(DATA BELOW Opens)
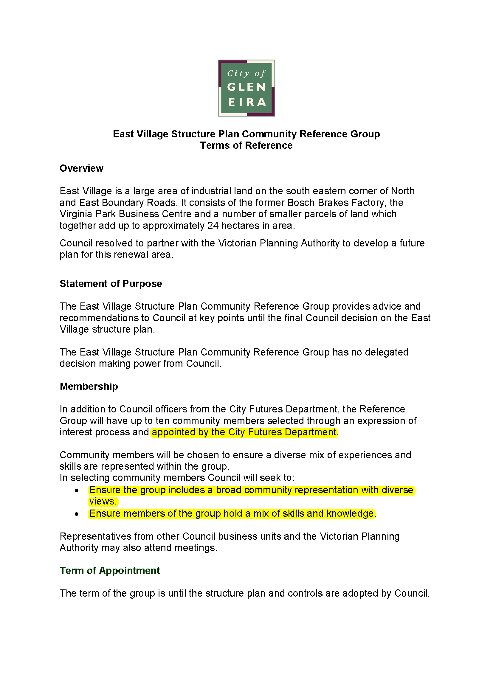 Council has published the Terms of Reference for its Community Advisory Group for the East Village project. Ostensibly, the creation of this advisory committee is a positive step, if somewhat belated in that the first draft of the resulting structure plan has already been set.
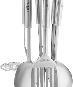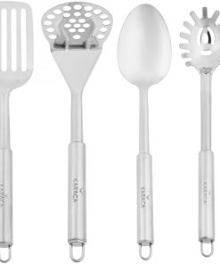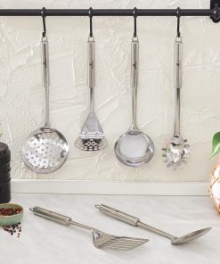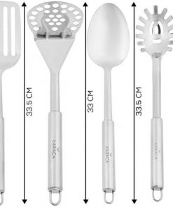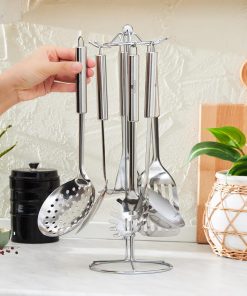 - 1 adet makarna kaşığı 1 adet kevgir 1 adet spatula 1 adet kepçe 1 adet servis kaşığı 1 adet patates ezeceği ve 1 adet servis seti standı
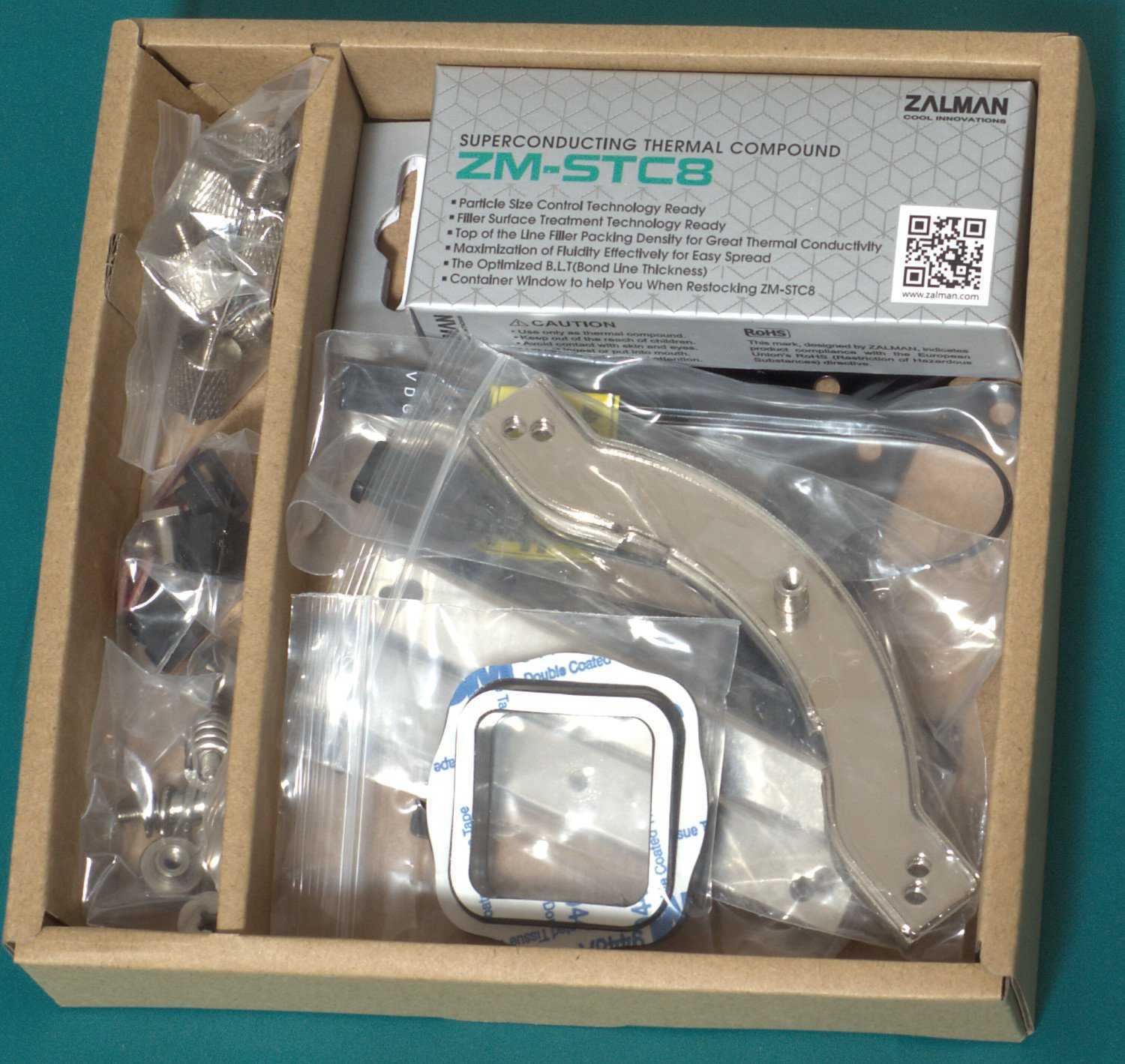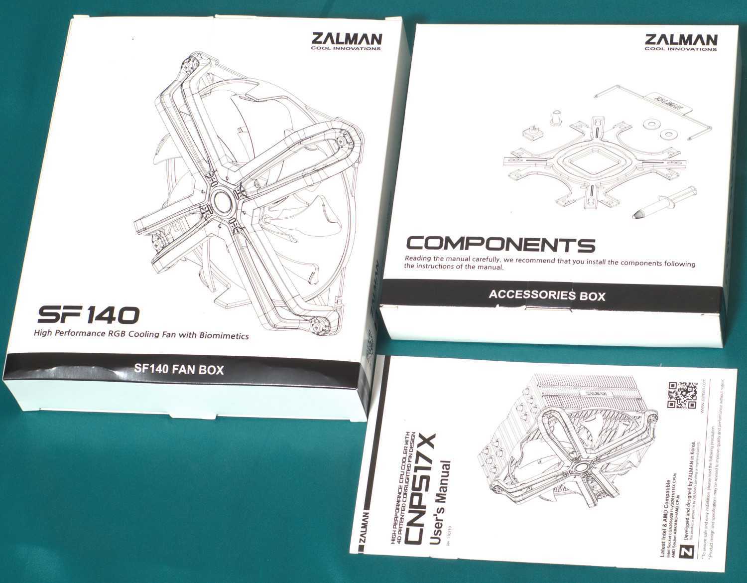 Комплектация напоминает старшего собрата Zalman CNPS20X. Отличия заключаются в меньшем количестве коробок (нет второго вентилятора Zalman SF140).
(DATA BELOW Closes)
WHAT THE EXERCISE ASKS ▸
Print the material word for word; images are to be left out.

ANSWER SECTION ▸
 Council has published the Terms of Reference for its Community Advisory Group for the East Village project. Ostensibly, the creation of this advisory committee is a positive step, if somewhat belated in that the first draft of the resulting structure plan has already been set.
 - 1 adet makarna kaşığı 1 adet kevgir 1 adet spatula 1 adet kepçe 1 adet servis kaşığı 1 adet patates ezeceği ve 1 adet servis seti standı
 Комплектация напоминает старшего собрата Zalman CNPS20X. Отличия заключаются в меньшем количестве коробок (нет второго вентилятора Zalman SF140).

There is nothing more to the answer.